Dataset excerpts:
========

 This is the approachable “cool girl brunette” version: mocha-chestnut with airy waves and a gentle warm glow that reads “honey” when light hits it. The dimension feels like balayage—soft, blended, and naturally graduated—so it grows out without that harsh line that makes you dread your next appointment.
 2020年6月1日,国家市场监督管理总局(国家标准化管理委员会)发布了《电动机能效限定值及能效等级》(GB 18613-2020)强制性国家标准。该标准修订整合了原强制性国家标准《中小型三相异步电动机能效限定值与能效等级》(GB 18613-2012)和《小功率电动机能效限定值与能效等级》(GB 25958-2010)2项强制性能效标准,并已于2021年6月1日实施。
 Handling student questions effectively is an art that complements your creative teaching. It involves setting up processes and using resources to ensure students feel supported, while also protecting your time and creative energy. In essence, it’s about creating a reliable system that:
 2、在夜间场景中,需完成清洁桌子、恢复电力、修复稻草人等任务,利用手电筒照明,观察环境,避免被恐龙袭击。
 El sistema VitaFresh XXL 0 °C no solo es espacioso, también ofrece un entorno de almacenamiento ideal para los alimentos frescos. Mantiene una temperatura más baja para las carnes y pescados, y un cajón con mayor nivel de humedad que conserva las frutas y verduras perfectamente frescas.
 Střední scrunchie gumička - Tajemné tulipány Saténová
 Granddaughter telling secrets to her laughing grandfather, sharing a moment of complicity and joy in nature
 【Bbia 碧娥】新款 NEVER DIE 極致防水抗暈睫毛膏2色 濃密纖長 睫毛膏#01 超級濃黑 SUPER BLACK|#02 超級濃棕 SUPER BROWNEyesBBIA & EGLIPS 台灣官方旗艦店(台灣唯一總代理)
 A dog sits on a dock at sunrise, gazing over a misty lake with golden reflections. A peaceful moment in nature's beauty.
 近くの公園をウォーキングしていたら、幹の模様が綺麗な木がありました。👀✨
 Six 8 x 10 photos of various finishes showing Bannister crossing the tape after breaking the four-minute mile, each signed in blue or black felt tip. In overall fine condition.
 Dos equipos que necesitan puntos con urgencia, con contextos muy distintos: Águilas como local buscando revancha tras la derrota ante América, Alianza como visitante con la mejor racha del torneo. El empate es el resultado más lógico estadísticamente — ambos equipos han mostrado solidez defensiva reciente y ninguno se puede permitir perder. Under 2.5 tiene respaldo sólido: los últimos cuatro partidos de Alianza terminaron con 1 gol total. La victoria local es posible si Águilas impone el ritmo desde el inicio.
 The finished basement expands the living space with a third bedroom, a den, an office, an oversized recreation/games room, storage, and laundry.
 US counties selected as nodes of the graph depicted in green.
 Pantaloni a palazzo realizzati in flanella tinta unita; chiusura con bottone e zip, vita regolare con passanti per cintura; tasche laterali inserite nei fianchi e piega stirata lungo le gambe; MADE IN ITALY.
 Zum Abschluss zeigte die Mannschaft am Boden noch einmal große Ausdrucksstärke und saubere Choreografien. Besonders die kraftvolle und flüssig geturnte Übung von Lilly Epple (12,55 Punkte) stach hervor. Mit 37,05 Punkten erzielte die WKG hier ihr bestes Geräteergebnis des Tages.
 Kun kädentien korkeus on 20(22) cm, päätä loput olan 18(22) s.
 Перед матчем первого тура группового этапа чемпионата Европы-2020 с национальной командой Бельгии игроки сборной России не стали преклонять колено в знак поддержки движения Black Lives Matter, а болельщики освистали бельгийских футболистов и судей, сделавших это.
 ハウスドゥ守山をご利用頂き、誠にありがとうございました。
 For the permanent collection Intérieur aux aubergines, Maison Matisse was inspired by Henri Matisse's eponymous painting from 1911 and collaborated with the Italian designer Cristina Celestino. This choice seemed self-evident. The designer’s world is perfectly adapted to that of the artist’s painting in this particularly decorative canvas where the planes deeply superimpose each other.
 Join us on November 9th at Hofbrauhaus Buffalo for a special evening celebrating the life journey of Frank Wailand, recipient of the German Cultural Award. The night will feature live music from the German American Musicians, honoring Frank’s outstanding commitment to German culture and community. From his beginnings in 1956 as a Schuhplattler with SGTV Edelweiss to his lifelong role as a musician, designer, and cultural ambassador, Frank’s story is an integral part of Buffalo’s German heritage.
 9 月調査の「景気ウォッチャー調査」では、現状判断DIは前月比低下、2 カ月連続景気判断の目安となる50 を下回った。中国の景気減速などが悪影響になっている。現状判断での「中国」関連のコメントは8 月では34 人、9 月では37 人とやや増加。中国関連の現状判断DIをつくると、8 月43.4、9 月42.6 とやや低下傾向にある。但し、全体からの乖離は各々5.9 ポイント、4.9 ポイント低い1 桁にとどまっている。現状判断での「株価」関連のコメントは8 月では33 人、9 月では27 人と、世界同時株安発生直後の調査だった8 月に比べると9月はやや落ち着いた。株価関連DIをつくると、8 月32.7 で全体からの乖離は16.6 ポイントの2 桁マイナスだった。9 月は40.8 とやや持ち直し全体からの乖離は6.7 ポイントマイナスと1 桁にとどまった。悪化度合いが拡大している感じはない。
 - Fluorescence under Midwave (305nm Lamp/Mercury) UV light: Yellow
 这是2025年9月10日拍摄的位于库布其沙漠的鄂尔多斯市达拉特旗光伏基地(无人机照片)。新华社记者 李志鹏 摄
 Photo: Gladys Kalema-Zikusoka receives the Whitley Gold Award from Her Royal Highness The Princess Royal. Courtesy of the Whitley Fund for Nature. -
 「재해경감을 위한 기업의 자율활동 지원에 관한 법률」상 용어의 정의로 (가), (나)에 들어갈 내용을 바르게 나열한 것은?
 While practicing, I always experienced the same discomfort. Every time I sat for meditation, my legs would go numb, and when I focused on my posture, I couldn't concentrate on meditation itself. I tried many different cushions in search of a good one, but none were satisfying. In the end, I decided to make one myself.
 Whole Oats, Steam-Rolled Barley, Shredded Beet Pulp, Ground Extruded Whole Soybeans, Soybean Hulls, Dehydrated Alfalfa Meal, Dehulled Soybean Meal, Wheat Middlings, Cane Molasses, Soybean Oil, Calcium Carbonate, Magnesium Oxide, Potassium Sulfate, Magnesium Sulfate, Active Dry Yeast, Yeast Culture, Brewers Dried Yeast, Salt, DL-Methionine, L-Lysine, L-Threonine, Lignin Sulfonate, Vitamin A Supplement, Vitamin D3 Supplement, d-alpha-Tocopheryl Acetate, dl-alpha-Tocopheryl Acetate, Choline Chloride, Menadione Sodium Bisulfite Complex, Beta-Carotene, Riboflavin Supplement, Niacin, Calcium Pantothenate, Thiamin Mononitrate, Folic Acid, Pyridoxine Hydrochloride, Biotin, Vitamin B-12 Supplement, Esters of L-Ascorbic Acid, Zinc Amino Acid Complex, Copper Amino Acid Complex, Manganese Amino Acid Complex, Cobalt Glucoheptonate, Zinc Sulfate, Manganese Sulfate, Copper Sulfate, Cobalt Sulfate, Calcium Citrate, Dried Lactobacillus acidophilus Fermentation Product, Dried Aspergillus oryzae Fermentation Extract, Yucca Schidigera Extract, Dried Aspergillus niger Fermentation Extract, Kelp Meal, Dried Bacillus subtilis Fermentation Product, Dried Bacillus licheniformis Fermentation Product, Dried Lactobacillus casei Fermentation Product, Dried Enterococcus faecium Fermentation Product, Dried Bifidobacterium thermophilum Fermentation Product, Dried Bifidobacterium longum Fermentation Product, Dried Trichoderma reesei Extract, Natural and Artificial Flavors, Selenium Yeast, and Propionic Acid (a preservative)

========

> [Work instruction]:
Only the lines above from the line containing "Six 8 x 10 photos" through the line containing "ハウスドゥ守山をご利用頂き、誠にありがとうございました。" should be retyped, exactly and with both ends included.

> [The answer]:
 Six 8 x 10 photos of various finishes showing Bannister crossing the tape after breaking the four-minute mile, each signed in blue or black felt tip. In overall fine condition.
 Dos equipos que necesitan puntos con urgencia, con contextos muy distintos: Águilas como local buscando revancha tras la derrota ante América, Alianza como visitante con la mejor racha del torneo. El empate es el resultado más lógico estadísticamente — ambos equipos han mostrado solidez defensiva reciente y ninguno se puede permitir perder. Under 2.5 tiene respaldo sólido: los últimos cuatro partidos de Alianza terminaron con 1 gol total. La victoria local es posible si Águilas impone el ritmo desde el inicio.
 The finished basement expands the living space with a third bedroom, a den, an office, an oversized recreation/games room, storage, and laundry.
 US counties selected as nodes of the graph depicted in green.
 Pantaloni a palazzo realizzati in flanella tinta unita; chiusura con bottone e zip, vita regolare con passanti per cintura; tasche laterali inserite nei fianchi e piega stirata lungo le gambe; MADE IN ITALY.
 Zum Abschluss zeigte die Mannschaft am Boden noch einmal große Ausdrucksstärke und saubere Choreografien. Besonders die kraftvolle und flüssig geturnte Übung von Lilly Epple (12,55 Punkte) stach hervor. Mit 37,05 Punkten erzielte die WKG hier ihr bestes Geräteergebnis des Tages.
 Kun kädentien korkeus on 20(22) cm, päätä loput olan 18(22) s.
 Перед матчем первого тура группового этапа чемпионата Европы-2020 с национальной командой Бельгии игроки сборной России не стали преклонять колено в знак поддержки движения Black Lives Matter, а болельщики освистали бельгийских футболистов и судей, сделавших это.
 ハウスドゥ守山をご利用頂き、誠にありがとうございました。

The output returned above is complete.